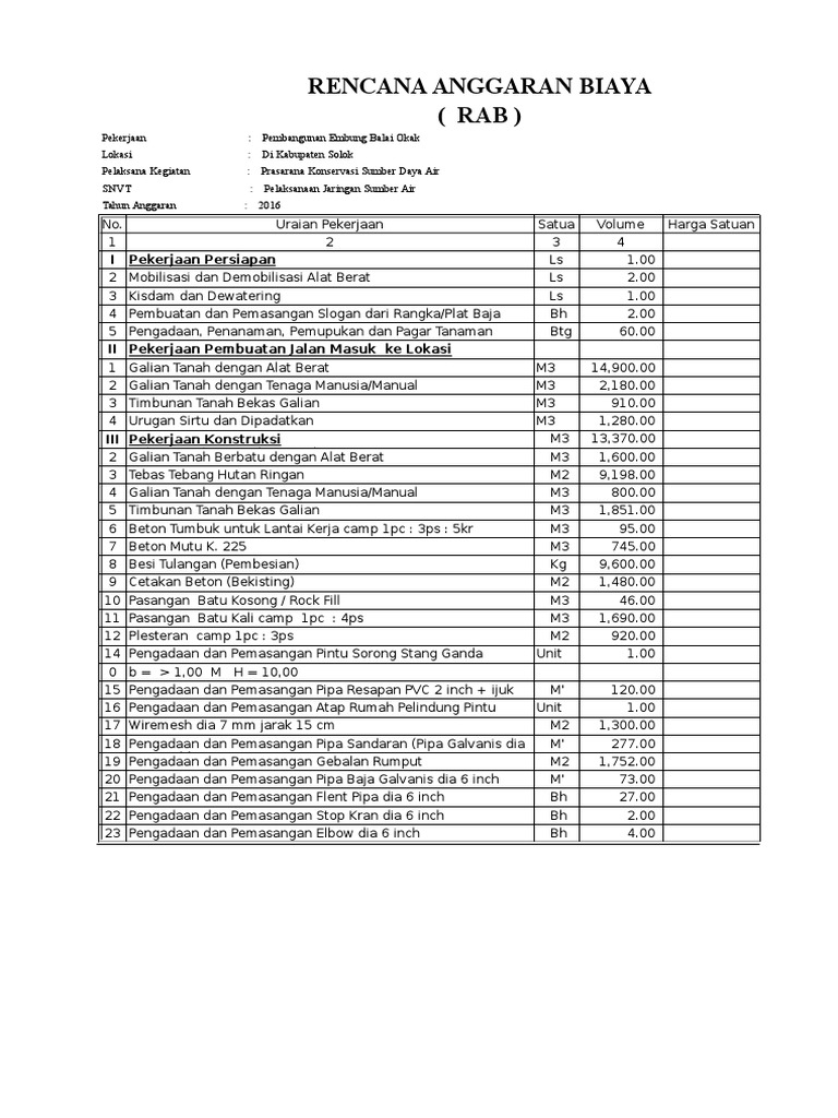 Contoh dokumen rab xls / contoh rab rumah excel download. Airnonakotamadya kupangnojenis pekerjaanvolumesatuanharga satuanjumlah harga(rp). Untuk itu kami mengemas berbagai file literatur proyek konstruksi baik berupa contoh rencana anggaran biaya (rab) beserta desain gambarnya, contoh laporan proyek, contoh dokumen tender/lelang proyek dan masih banyak lagi dalam sebuah perpustakaan file proyek konstruksi download sampel file sampel file : 109 bahasa didukung dan akan bertambah. Berikut adalah contoh rab sederhana dalam sebuah proyek perumahan.
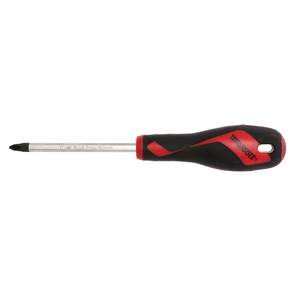 TengTools Screwdriver – Phillips Head Shaft of TT-MV PLUS steel. Phosphated black tip. Ergonomically designed two component handle with hanging hole. DIN 5260 Phillips Head: No. 2 Blade Design: 6-point Blade Length: 100mm Handle Length: 116mm
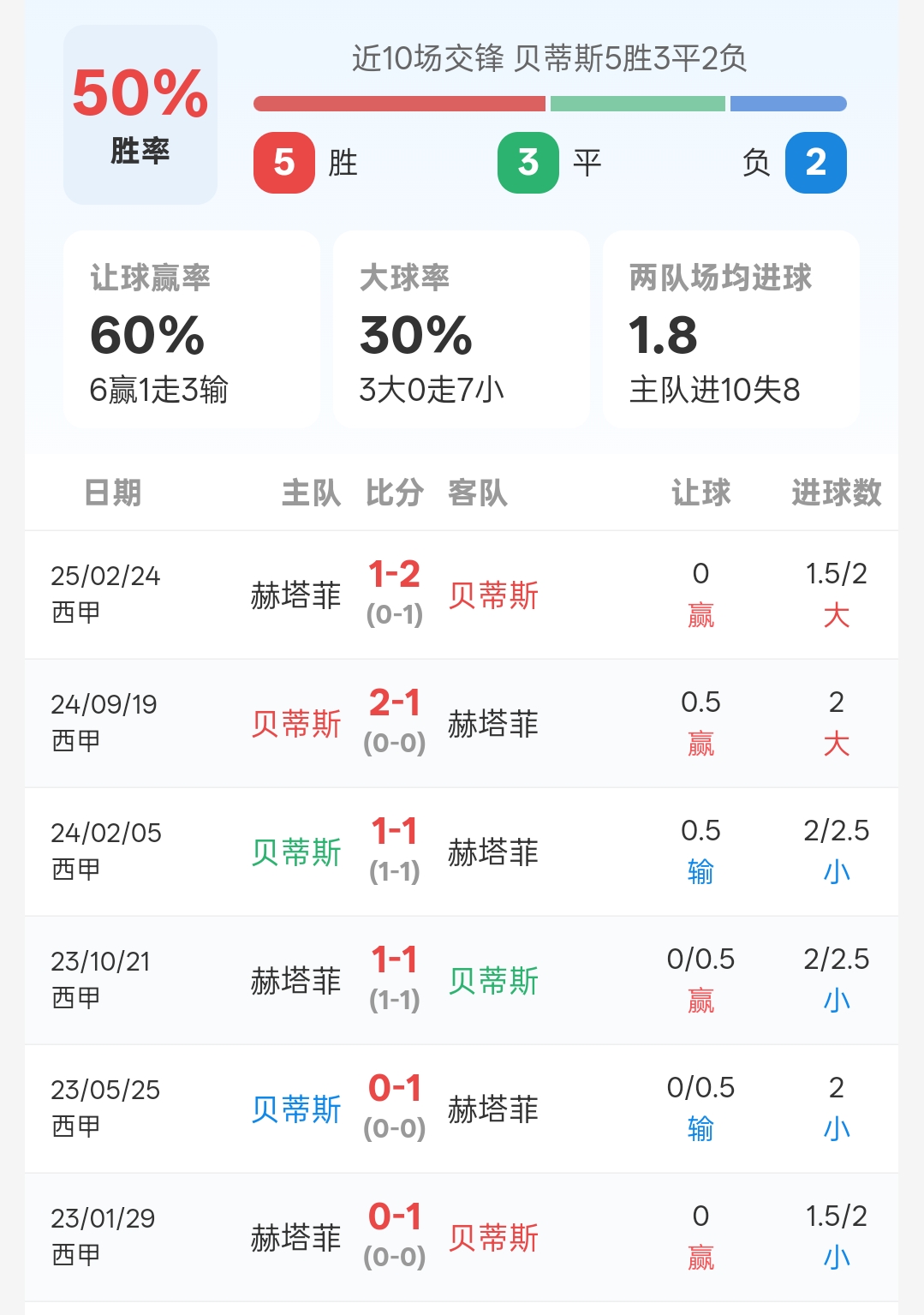 综合分析:此役是主场强势火力与客场低迷攻防的对决,贝蒂斯坐拥主场优势、状态更稳、历史交锋近10次5胜3平2负占优,且战术上能精准打击赫塔费客战与进攻短板,尽管后防有伤病但整体实力与战意更足。赫塔费进攻乏力、士气受挫、客场疲软,难以抵挡贝蒂斯的攻势,贝蒂斯主场取胜概率较高。
----
Try it:
When you reach the line containing "TengTools Screwdriver –" in the listing above, reproduce it and every line after it through the last, exactly; omit the pictures.

Output:
 TengTools Screwdriver – Phillips Head Shaft of TT-MV PLUS steel. Phosphated black tip. Ergonomically designed two component handle with hanging hole. DIN 5260 Phillips Head: No. 2 Blade Design: 6-point Blade Length: 100mm Handle Length: 116mm
 综合分析:此役是主场强势火力与客场低迷攻防的对决,贝蒂斯坐拥主场优势、状态更稳、历史交锋近10次5胜3平2负占优,且战术上能精准打击赫塔费客战与进攻短板,尽管后防有伤病但整体实力与战意更足。赫塔费进攻乏力、士气受挫、客场疲软,难以抵挡贝蒂斯的攻势,贝蒂斯主场取胜概率较高。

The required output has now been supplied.